We have previously shown that
mucopolysaccharidosis type VII (MPS VII) mice receiving six weekly
injections of recombinant
beta-glucuronidase from birth had improved cognitive ability and reduced central nervous system lysosomal storage. However, a single
beta-glucuronidase injection at 5 wk of age did not correct neuronal storage. We define the age at which central nervous system storage in MPS VII mice becomes resistant to
beta-glucuronidase therapy and determine the effect of
enzyme on other tissues by comparing the histology of mice begun on
therapy at various times after birth. MPS VII mice received
injections on the day of birth and then weekly for 5 wk with 16,000U/g
beta-glucuronidase had reduced lysosomal storage in brain. The same
therapy begun on d 14 of life or thereafter failed to correct neuronal storage, even when treatment was continued for six doses. Glial responsiveness or accessibility to
enzyme also depended on early treatment. In contrast, leptomeningeal, osteoblast, and
retinal pigment epithelial storage reduction depended on
enzyme dose rather than age at initiation of
therapy.

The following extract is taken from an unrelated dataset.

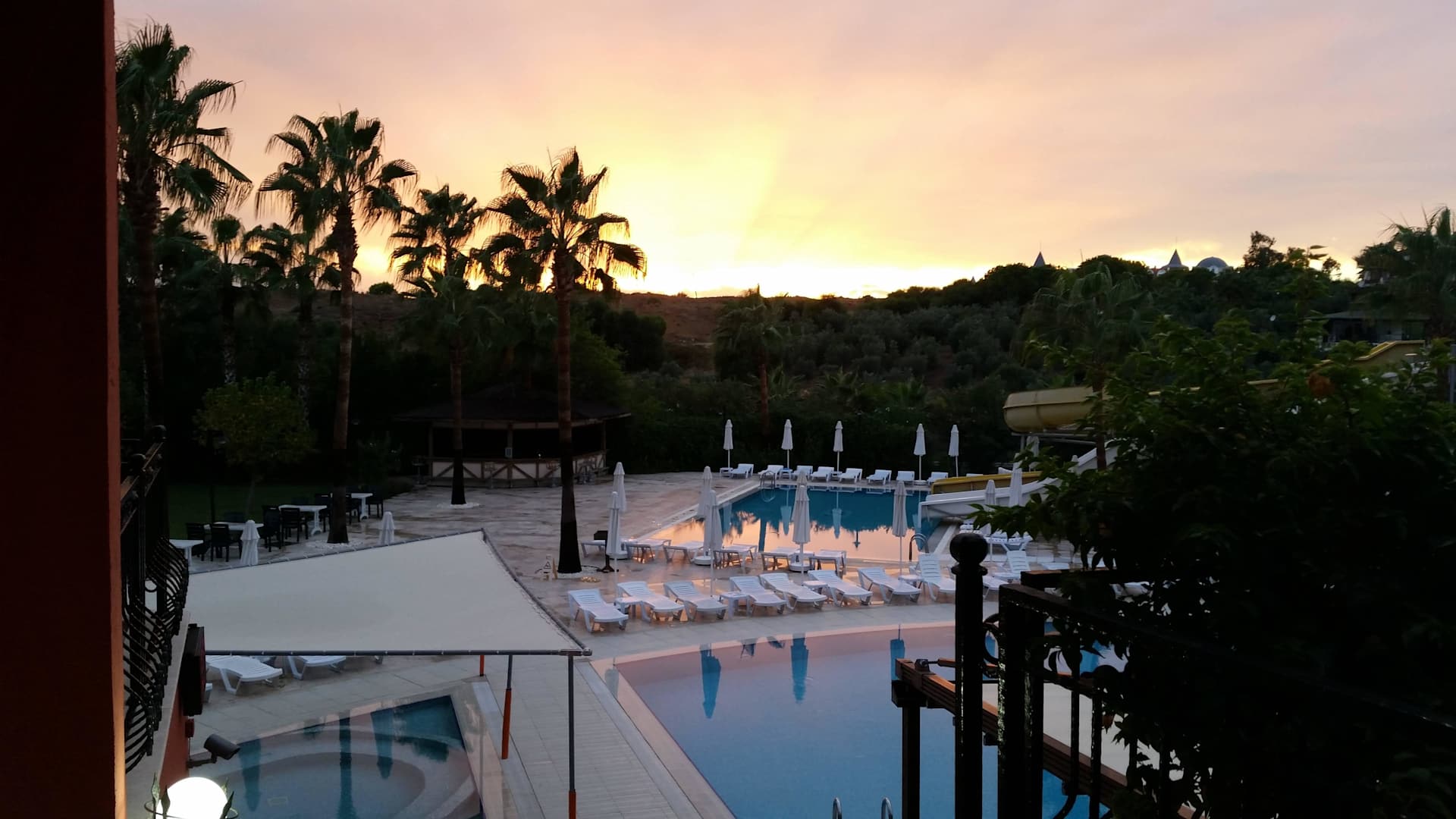 Soonenuntergang am Pool
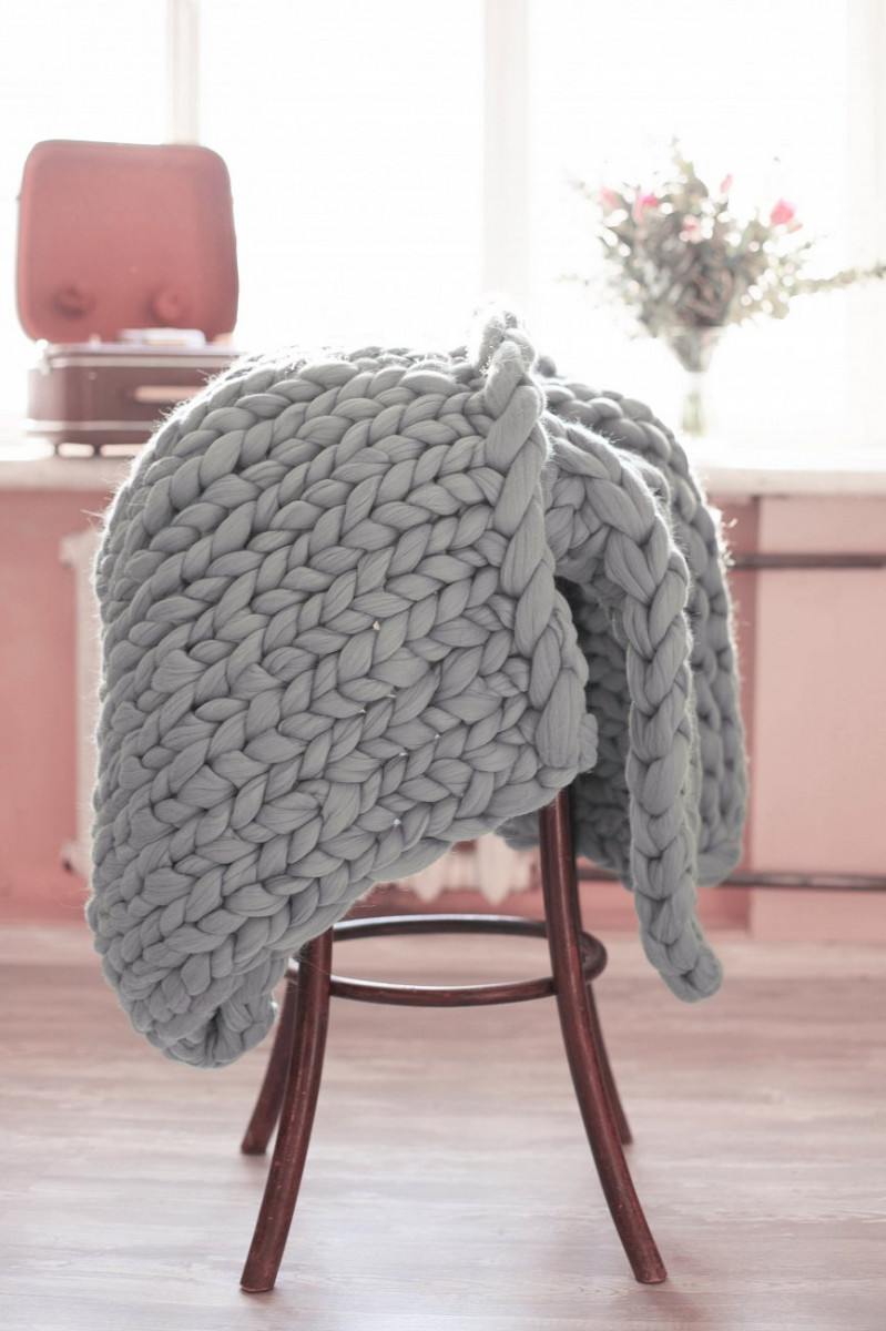 Плед крупной вязки изготовлен вручную из толстой пряжи, что делает изделие уникальным с эстетической точки зрения. Такой декор впишется в любой стиль интерьера.

Fixed tissue macrophage storage was reduced in all treated MPS VII mice, even those receiving a single dose. These observations indicate that fixed tissue macrophages in MPS VII mice remain sensitive to
enzyme replacement therapy well into adulthood although neurons are responsive or accessible to
enzyme therapy early in life. Because early initiation of
enzyme replacement is important to achieve a central nervous system response, these studies emphasize the importance of newborn screening for
lysosomal storage diseases so that early treatment can maximize the likelihood of a favorable therapeutic response.